When the parties separated, they were living in a house at 920 Fehr avenue, Louisville, Ky., which had been deeded to the wife, and which cost $2,300. After the divorce was granted, appellant brought this action, in which he alleged that he had furnished the money with which the house had been purchased, and he asked that he be given title to the property, or, if the court should decide that he was not entitled to all the property, he be given a lien on it for the amount of the purchase price paid by him, and that the property be sold *Page 111 to satisfy the lien. The chancellor dismissed his petition and he has appealed.

Prior to her marriage, appellee resided in Shelbyville, Ky., where she owned a house and lot. She sold this property in 1918 for $450, and purchased a house on Williams street in Louisville, Ky., for $600. This property was deeded to her. She paid $400 cash, and executed her note for $200 due one year after date, but which was paid six months before it was due. Appellant claimed that this note was paid out of his earnings, and that, in addition, he made repairs on the house to the amount of $150. On the other hand, appellee claims that, when she sold the Shelbyville property, there was due her $196 for rent, which was later collected, and this was applied on the $200 note executed by her for the Louisville property.

During the next ten years, the parties bought and sold numerous pieces of property, the property bought in each instance being sold at a profit, and the title to the property purchased always being taken in the name of the wife.
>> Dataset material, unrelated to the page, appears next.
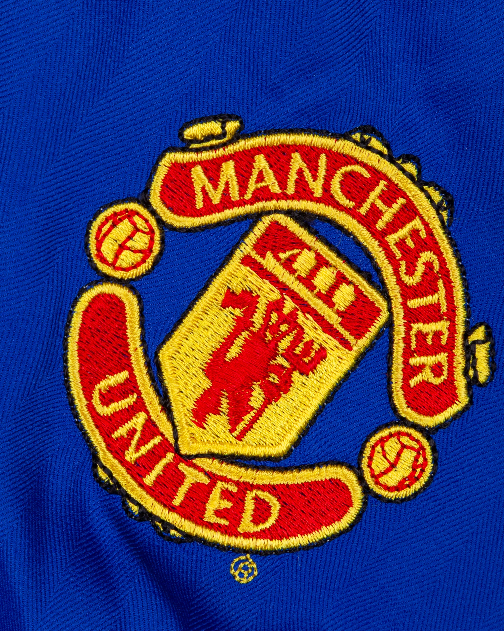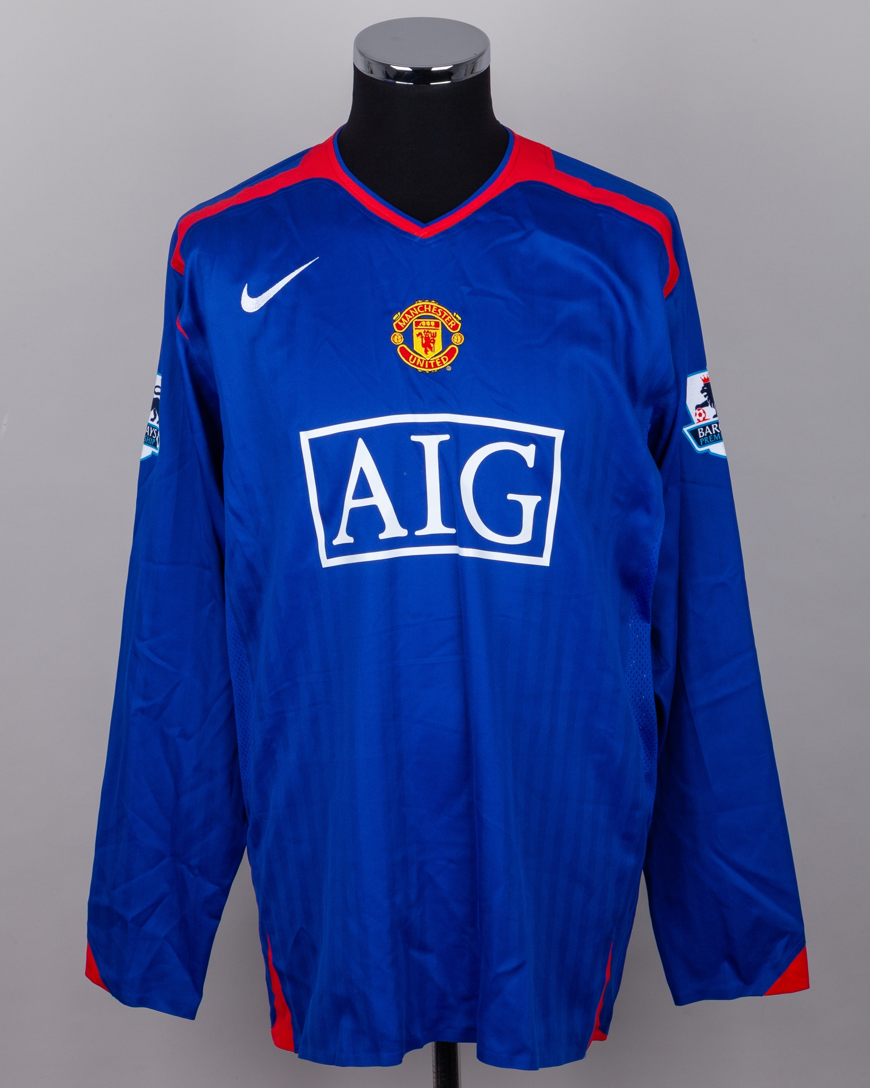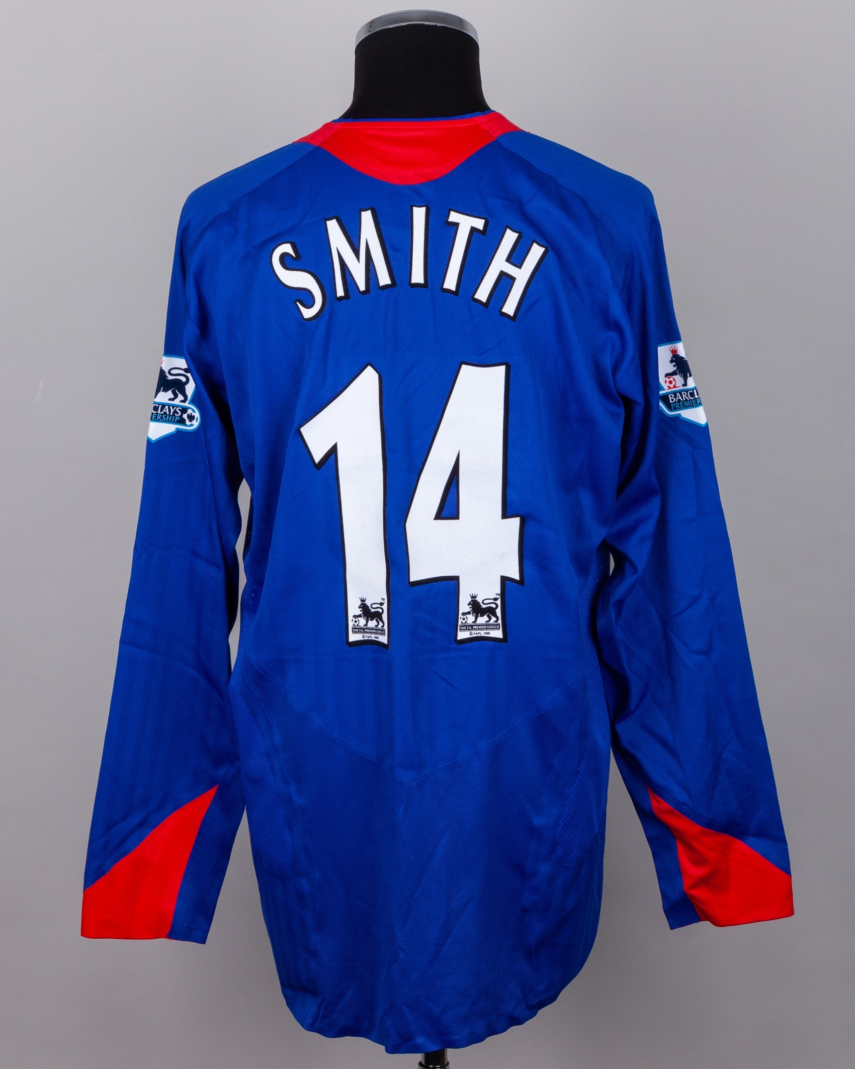 Alan Smith blue and red No.14 Manchester United long-sleeved shirt, 2005-06, Nike, XL, with v-neck collar and embroidered badge inscribed MANCHESTER UNITED, the reverse lettered SMITH, the sleeves with Barclays Premiership flashes

Appellant claims that he turned his earnings over to his wife, and that they were deposited in her name in the bank, and that these earnings were used in purchasing the respective pieces of property. During all of this time, however, he seldom earned more than $10 or $15 a week, and his earnings were never sufficient to afford more than a modest support for himself and wife.

The evidence shows that the appellee was a successful dealer in real estate, and that the property she now owns was purchased out of profits realized from her real estate transactions. She sold the Williams street property for $1,000, or a profit of $400, and purchased property at 313 Campbell street for $1,150. She paid $1,000 cash and executed three notes for $50 each. She sold this property for $1,400, and paid the three $50 notes out of the proceeds. She then purchased property at 515 Campbell street for $1,500. She paid $1,000 cash, and executed five notes for $100 each, and these notes were paid when the property was sold for $2,400. She then purchased property at 221 Campbell street for $2,600. She paid $2,000 in cash and executed six notes for $100 each, which were paid when the property was sold for $3, 500. While she owned the last two mentioned pieces of property, she rented rooms which netted her *Page 112 an income of approximately $20 a month for about two years. Out of the proceeds realized from the property located at 221 Campbell street she purchased the house and lot here in controversy, for which she paid $2,300.

This record discloses that appellee, though without education, is an intelligent and industrious woman, and through her business acumen has acquired the property here in controversy. No facts or circumstances are shown from which even an inference could be drawn that appellee contributed any of the purchase price.

All of the evidence supports the judgment of the chancellor, and it is accordingly affirmed.